Dont train legs 2 x a weeks. Take some time off if the intensity isn't there. Its all about DAT intensity.


----------



## DocDePanda187123 (Apr 9, 2014)

If you have trouble recovering properly with what you're doing currently, how do you plan on working out twice a day and recover? The only way would be to cut the overall work of each session down but then that only makes fore more time spent in he gym not necessarily better results. I would

1) get in the nutrition section and fix any holes in your diet. Set it up to be congruent with your particular goals. 
2) get in the training section and tweak or change your workouts. 
3) look into lifestyle factors that may affect your recovery and progress (staying out late, drinking too much, mobility work, foam rolling, sleep issues, etc)


----------



## transcend2007 (Apr 9, 2014)

You must remember you actually grow while at rest not while you're at the gym.'

Diet, rest, change up your routine and start tracking (journaling) your results.


----------



## Metalhead1 (Apr 9, 2014)

Im currently working out twice a day 4-5 days a week. Cardio and abs on the off days. The only time i take time off is when my body says i need it. Just listeny to your body and everything said above


----------



## espy (Apr 9, 2014)

Recovery - what i mean is, lets say I do 8 rep x 4 sets of arm excises. and want to hit arm some more, but during 1hr of session I usually don't have that much power to hit it, I don't have any power left to do.

But when I come home and I tried to run (HIIT) - i could do it. I thought that will add some more work.  It's not I would go back to gym and lift again.


----------



## ECKSRATED (Apr 9, 2014)

Tell us exactly what your doing those 5 days in the gym. Show us what ur usual workouts r like


----------



## jennerrator (Apr 9, 2014)

if I had the time, I would train twice a day!!


----------



## brutus79 (Apr 10, 2014)

losieloos said:


> Dont train legs 2 x a weeks. Take some time off if the intensity isn't there. Its all about DAT intensity.



Why not? I go heavy squats and deads on saturdays and go high rep squats and all the other ancillary leg exercises wednesdays and I have more strength gains since I started doing it...

2 A day would be good if I had a gym... I could crush it for half an hour superset after superset and do the same that night.  Back and forth to the gym sucks though. 

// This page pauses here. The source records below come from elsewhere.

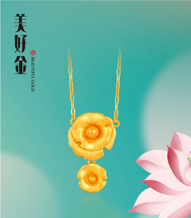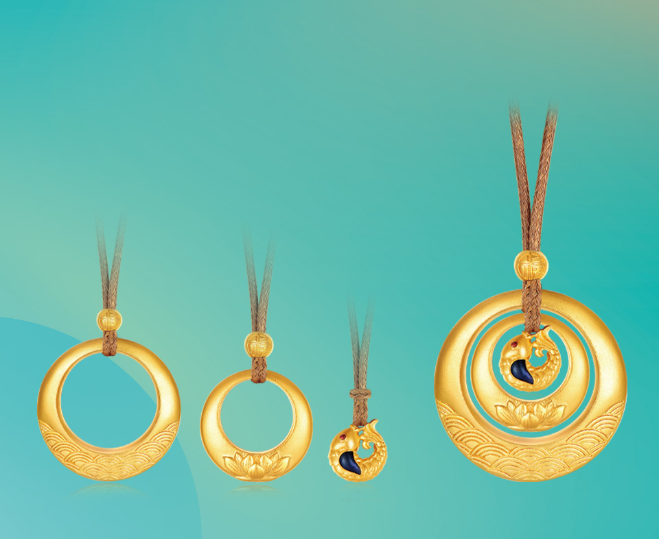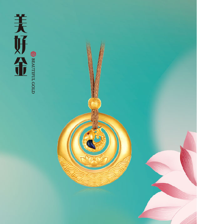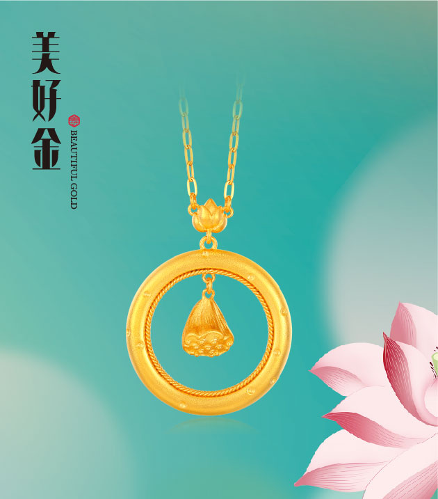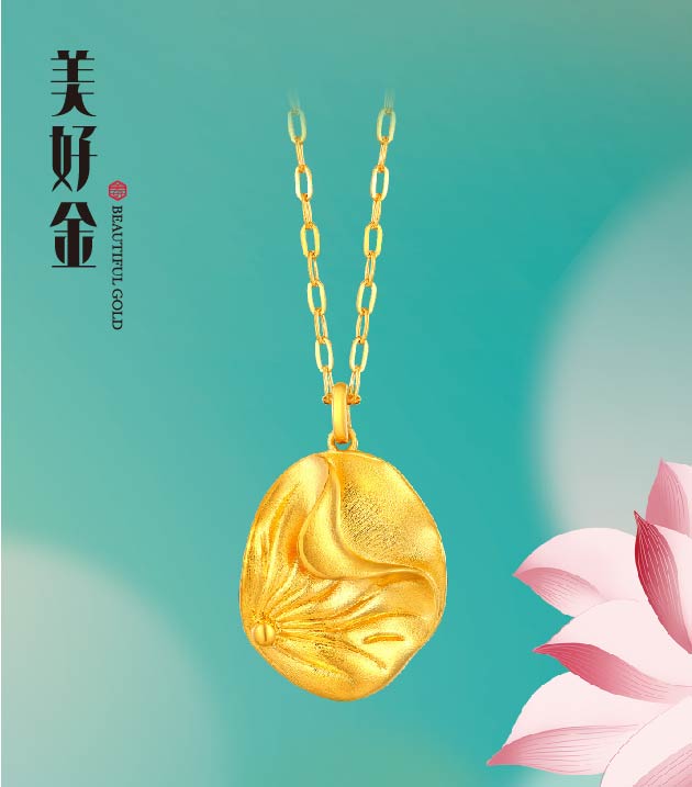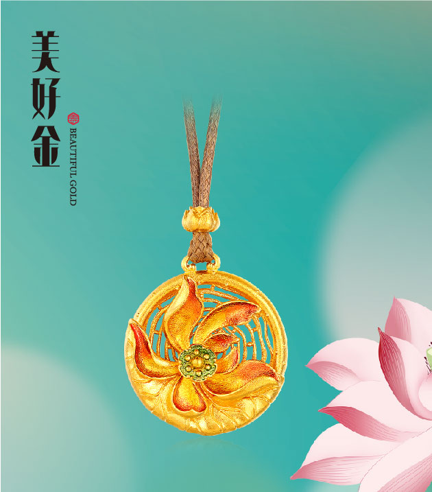 "美好有家"系列,撷取夏日荷塘胜景为灵感,匠心熔铸古法金国潮臻品。设计凝萃"荷花"、"荷叶"莲蓬"、"锦鲤"样瑞意象,传递和美祝福。"荷"形态简雅,意境深长,内蕴柔中带刚之风骨、动静相谐之妙韵,金饰凝铸承载,成就先永典藏,传续东方雅意。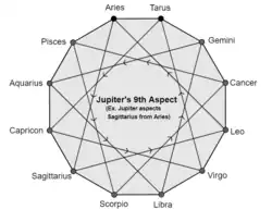According to the Tajika System,[6] that in practice is applied more to Varshaphal (Annual Chart) or a query-chart (Horary astrology), the planetary aspect on the 5th and the 9th houses from itself is very strong, openly friendly and helpful, e.g. if the Sun is in Aries and Jupiter is in Leo both will aspect each other producing very favourable results. The aspect on the 3rd and the 11th is secretly friendly but very helpful with the former being stronger, e.g. if the Sun is in Aries and Jupiter in Gemini with both though aspecting each other the aspect of Sun will produce more favourable results than Jupiter. The aspect on the 4th and the 10th is secretly inimical, when planets forming such an aspect tend to produce bad results and cause disappointments, and on the 7th openly inimical, these aspects are unhelpful and often destructive. Tajika aspects are deemed effective within 12 degrees either side of the aspected point. This principle is followed by Western astrology. Benefic aspects cast on the 2nd and the 12th give happiness but inimical aspect on 6th, 7th and 8th and on itself cause many hardships. Aspects of partial strength are not generally taken into account.[7]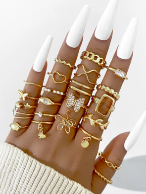 23pcs Rhinestone Butterfly & Heart Decor Ring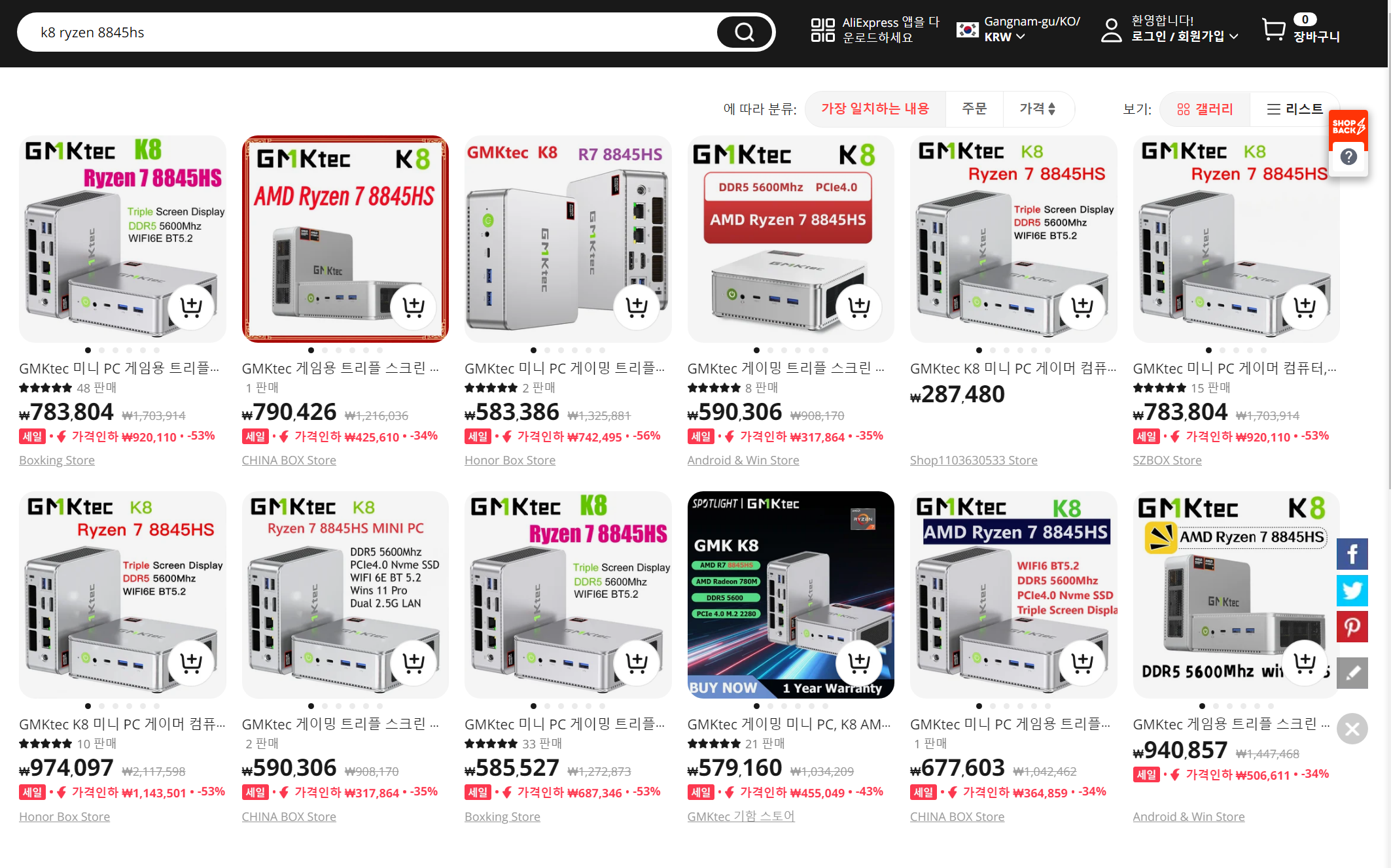 GMK K8 미니 PC 소형 데스크탑/Ryzen 7 8845HS/65W TDP/WIN11 PRO 구매 후기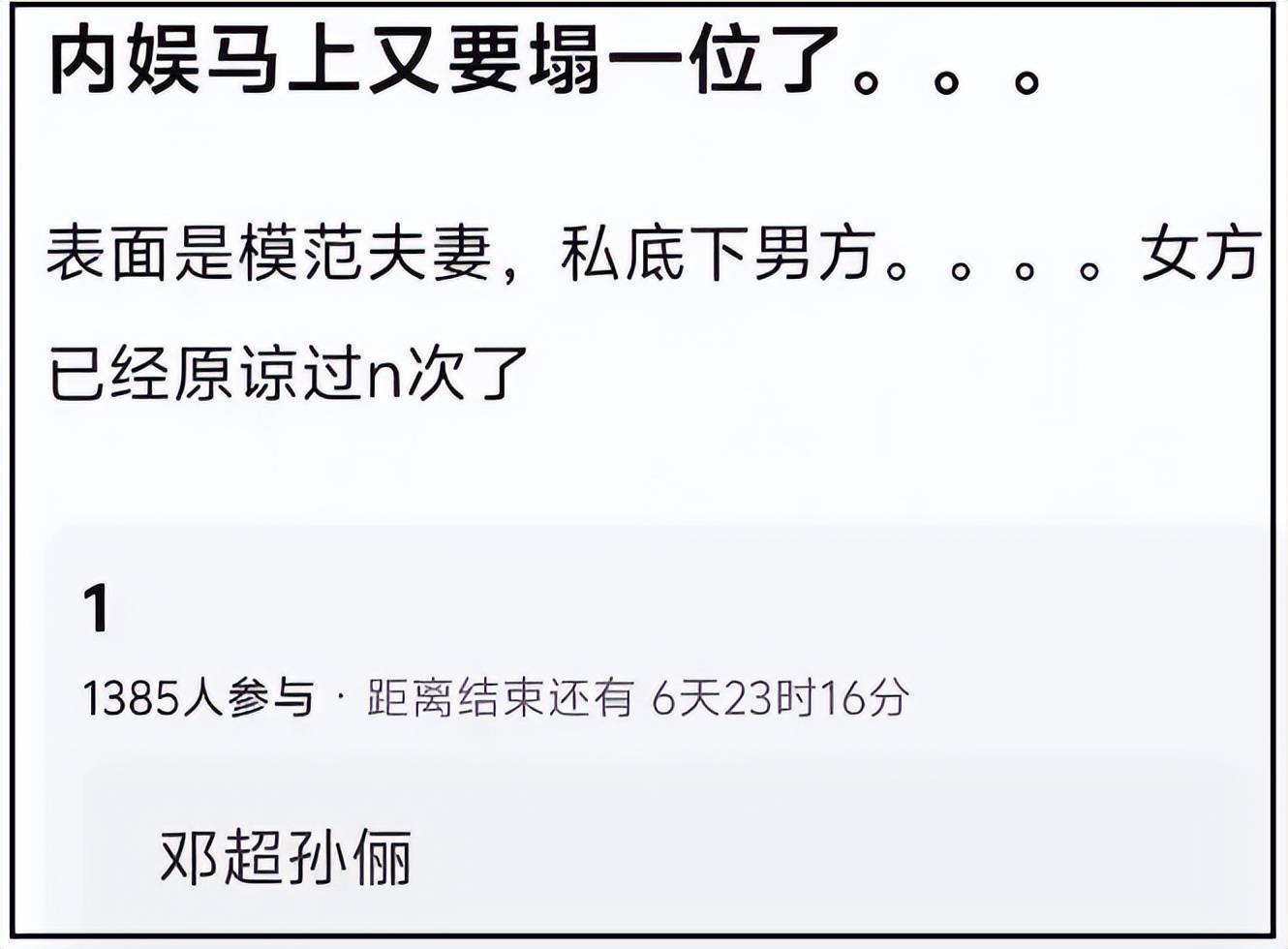 近日,网络屡传“国民女星后院起火”,紧接着那英丈夫被拍夜会美女,当事人迅速辟谣,不到一天流程走完。此后又有爆料称,其实真正后院起火的女星另有其人,俩人表面“模范夫妻”,其实私下男方出轨多次,目标直指邓超孙俪。

I think the ops problem would just get worse.... eat better work out less my friend.


----------



## brutus79 (Apr 10, 2014)

espy said:


> This probably should be in the category of "Do what you think it's right" But wondering if there is people who do this.
> 
> I am having problem with "intensity" of my workout - I want to work out more, but my body does not recover that quickly - so in an hour of workout, I feel like I didn't accomplish much. I am slowly growing, but very, very slow pace.
> 
> ...



How old are you? How long have you been training? What is rest bp?  Stats?


----------



## espy (Apr 10, 2014)

I'm 40 years old, 5" 8/175 BF 18% (skinny fat lol)

I have been training 2 years continuously otherwise on and off.

Squat 200lbs
Bench press 100lbs

I do long distance road bike so legs are fine - I don't have any ? Upper body muscle.

Currently on trt / blasting


----------



## brutus79 (Apr 10, 2014)

Honestly you could make a huge improvement dropping some of the bf... what are your trt levels?  What do you blast at? What are test levels on the blast?  Do you know what e2 levels average?


----------



## ECKSRATED (Apr 10, 2014)

Nothing wrong with hitting legs twice a week. 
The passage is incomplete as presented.